Consult – 83-year-old lady for consideration of umbilical hernia repair
- Reducible umbilical hernia
- Recent onset intermittent abdominal pain – 1 hospital admission
- CT during last admission revealed AAA with suspicion of leak
- EVAR performed under LA and fentanyl sedation 07/21. Uneventful.
- General surgical team reviewed in hospital and recommended elective repair of hernia
- Severe COPD – Home Oxygen 16 hours per day.
- SpO2 94% on RA. FEV1=0.99, FVC=1.48. TLCP 37%
- Hospital admission 03/21 with infective exacerbation
- Steroid requirement post-EVAR
- DASI=3.9 METs
- NYHA class 3 dyspnoea. Walked approx. 200m on flat at clinic without stopping, profoundly dyspnoeic afterwards.

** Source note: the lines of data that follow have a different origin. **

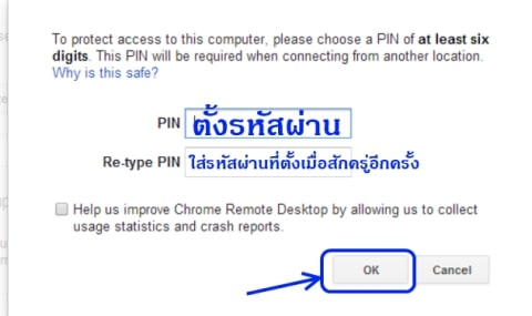 จากนั้นก็เปิดแอพ Chrome Remote Desktop จะเห็นรูปเครื่องคอมพิวเตอร์…. ถ้าเป็นสีฟ้า แสดงว่าเครื่องเปิดอยู่ ย้ำว่า การควบคุมเครื่องคอมจากระยะไกลผ่านสมาร์ทโฟนนี้ เครื่องคอมของคุณต้องเปิดอยู่ กดเลือกที่เครื่องคอมที่คุณใช้ แล้วใส่รหัสที่ได้ตั้งไว้บนคอมพิวเตอร์ไว้ หน้าจอมือถือก็จะปรากฏหน้าจอ เหมือนบนคอมพิวเตอร์ของคุณ
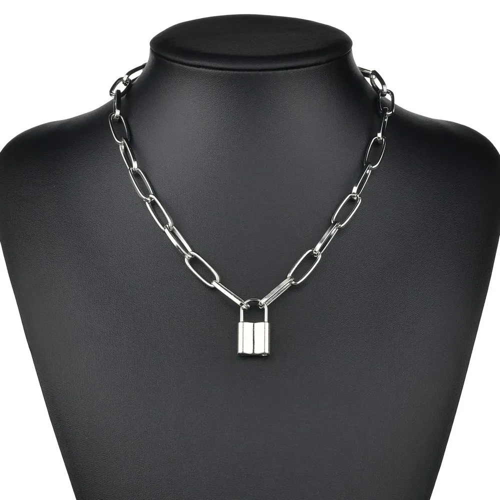Модные панковские ожерелья с замком, Золотая цепочка, подвеска с висячим замком, ожерелье для женщин, модные массивные ювелирные изделия
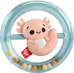 Wiążący się aksolotl w przejrzystym kółku z grzechoczącymi koralikami dla wizualnej i słuchowej stymulacji.
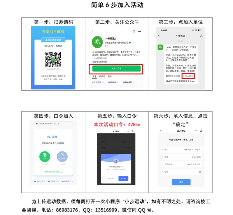 参与方式:关注微信公众号“小步运动”,按要求选择所属院级工会,填写真实姓名、工号(具体步骤如下)。注册成功后,通过微信小程序完成每天运动打卡,每天5000步以上、累积锻炼超过60天者,可获得纪念品。

- Chronic renal impairment – stage 2, deteriorated post-EVAR
Should Surgery Proceed?
- Consensus was yes, recent longer procedure was tolerated well
- Preferable risk profile with elective repair rather than an emergency procedure for a strangulated hernia
Conduct of Anaesthesia
- Patient and surgeon very keen for regional anaesthesia
- Patient very well-informed, understands risks and keen to proceed
- Spinal discussed as an option – most felt it wouldn’t provide suitable analgesia for peritoneal component of surgery
- Options would be spinal or epidural with surgical infiltration to peritoneum or bilateral rectus sheath blocks (recommended option by local regional experts)
- Notably, the patient would be suitable for a short GA if required
- Proceed with surgery
- Discuss meeting recommendations with procedural anaesthetist when allocated.